» **WHAT IS EXPECTED**
Could you set down exactly the lines in the records below between the line holding "A classic black" and the line holding "SIGN Designed to", inclusive?

» **INPUT RECORDS**
____

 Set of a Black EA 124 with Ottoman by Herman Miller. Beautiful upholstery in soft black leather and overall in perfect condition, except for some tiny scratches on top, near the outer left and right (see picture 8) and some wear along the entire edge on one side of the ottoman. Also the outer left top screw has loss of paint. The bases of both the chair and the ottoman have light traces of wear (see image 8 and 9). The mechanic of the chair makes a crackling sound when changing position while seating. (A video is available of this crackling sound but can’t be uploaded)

____

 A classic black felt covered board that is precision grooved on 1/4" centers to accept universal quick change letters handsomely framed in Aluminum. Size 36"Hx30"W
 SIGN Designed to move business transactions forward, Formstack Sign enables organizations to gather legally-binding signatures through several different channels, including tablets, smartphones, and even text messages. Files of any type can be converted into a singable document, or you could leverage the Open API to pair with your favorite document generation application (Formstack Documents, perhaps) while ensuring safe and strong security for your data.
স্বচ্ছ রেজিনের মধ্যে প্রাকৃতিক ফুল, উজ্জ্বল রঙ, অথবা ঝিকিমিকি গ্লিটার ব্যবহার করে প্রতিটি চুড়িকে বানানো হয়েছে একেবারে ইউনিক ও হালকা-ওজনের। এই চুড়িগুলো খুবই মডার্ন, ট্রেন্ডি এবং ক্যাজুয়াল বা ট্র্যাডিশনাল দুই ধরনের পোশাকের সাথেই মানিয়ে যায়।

____

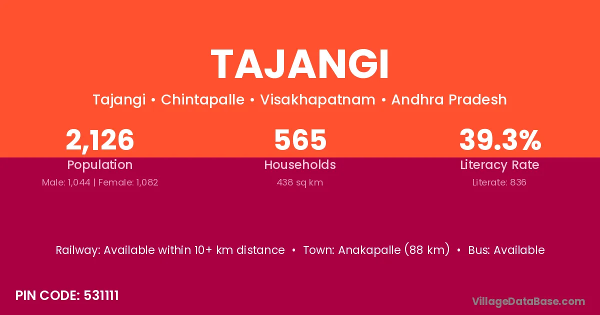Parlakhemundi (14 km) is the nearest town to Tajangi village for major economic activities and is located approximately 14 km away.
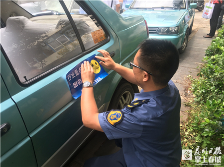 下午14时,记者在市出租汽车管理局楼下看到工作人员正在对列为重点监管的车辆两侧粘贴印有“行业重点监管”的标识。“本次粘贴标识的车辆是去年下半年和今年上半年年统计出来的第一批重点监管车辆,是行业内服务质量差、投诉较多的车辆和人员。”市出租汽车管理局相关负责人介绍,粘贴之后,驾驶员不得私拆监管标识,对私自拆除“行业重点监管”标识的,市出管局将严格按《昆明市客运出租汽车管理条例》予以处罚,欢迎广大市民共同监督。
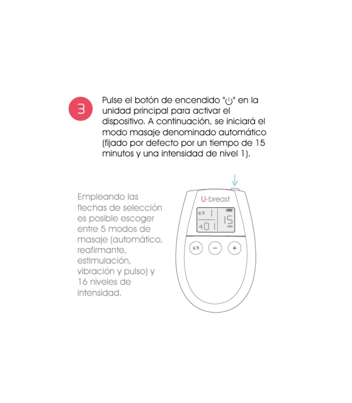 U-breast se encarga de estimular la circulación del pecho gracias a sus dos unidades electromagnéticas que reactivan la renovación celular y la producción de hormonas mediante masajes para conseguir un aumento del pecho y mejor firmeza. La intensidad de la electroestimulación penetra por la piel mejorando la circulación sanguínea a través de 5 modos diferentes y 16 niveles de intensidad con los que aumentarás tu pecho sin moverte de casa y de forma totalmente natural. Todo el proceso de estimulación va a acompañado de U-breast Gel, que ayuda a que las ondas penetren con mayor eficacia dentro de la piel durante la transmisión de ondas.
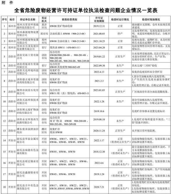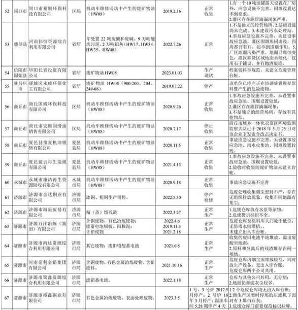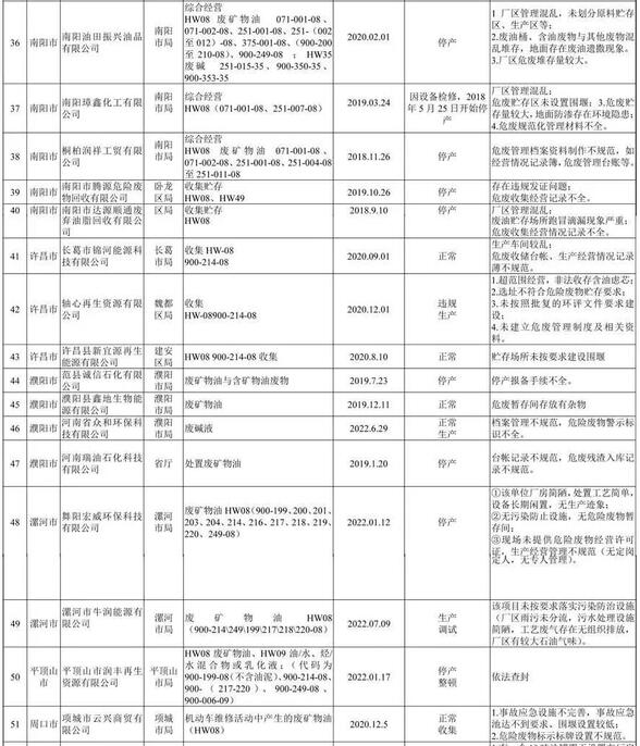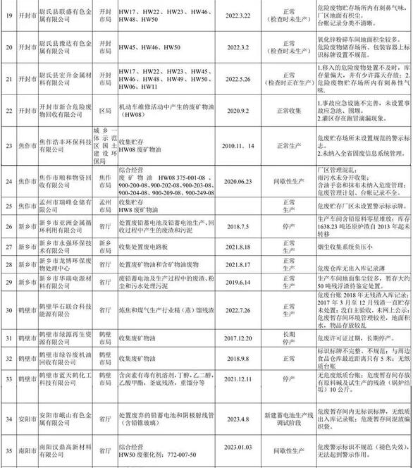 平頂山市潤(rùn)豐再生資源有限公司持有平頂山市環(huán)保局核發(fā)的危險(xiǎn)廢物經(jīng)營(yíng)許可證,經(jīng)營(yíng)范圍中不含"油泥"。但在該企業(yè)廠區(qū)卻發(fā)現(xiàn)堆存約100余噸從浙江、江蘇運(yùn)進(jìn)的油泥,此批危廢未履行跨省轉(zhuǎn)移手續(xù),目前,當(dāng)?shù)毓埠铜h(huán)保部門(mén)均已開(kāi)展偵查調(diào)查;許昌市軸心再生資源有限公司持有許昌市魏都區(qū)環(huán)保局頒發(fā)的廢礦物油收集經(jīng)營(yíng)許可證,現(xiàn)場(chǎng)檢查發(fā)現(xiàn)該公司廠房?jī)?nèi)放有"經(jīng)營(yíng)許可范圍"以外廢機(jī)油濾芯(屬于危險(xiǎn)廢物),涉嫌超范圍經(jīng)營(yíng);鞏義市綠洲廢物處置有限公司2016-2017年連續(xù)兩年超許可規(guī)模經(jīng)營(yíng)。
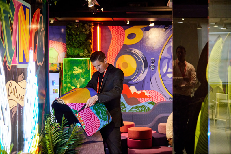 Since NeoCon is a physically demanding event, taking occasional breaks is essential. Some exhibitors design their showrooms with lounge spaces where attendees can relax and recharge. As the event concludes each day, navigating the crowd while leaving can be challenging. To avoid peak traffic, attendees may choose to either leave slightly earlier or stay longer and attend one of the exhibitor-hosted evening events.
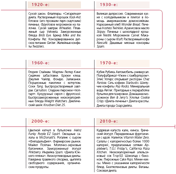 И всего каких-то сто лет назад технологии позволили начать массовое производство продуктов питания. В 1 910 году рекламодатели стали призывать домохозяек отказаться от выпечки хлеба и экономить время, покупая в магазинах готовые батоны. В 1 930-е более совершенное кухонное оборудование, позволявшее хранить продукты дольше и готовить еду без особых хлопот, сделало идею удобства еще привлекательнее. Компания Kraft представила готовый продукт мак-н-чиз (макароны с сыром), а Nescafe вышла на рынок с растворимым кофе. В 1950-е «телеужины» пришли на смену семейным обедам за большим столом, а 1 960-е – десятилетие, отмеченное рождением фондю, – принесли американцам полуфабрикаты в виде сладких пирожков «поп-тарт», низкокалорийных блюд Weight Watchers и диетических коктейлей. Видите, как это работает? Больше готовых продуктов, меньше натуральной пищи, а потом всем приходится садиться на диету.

____

» **OUTPUT FOR THIS EXERCISE**
 A classic black felt covered board that is precision grooved on 1/4" centers to accept universal quick change letters handsomely framed in Aluminum. Size 36"Hx30"W
 SIGN Designed to move business transactions forward, Formstack Sign enables organizations to gather legally-binding signatures through several different channels, including tablets, smartphones, and even text messages. Files of any type can be converted into a singable document, or you could leverage the Open API to pair with your favorite document generation application (Formstack Documents, perhaps) while ensuring safe and strong security for your data.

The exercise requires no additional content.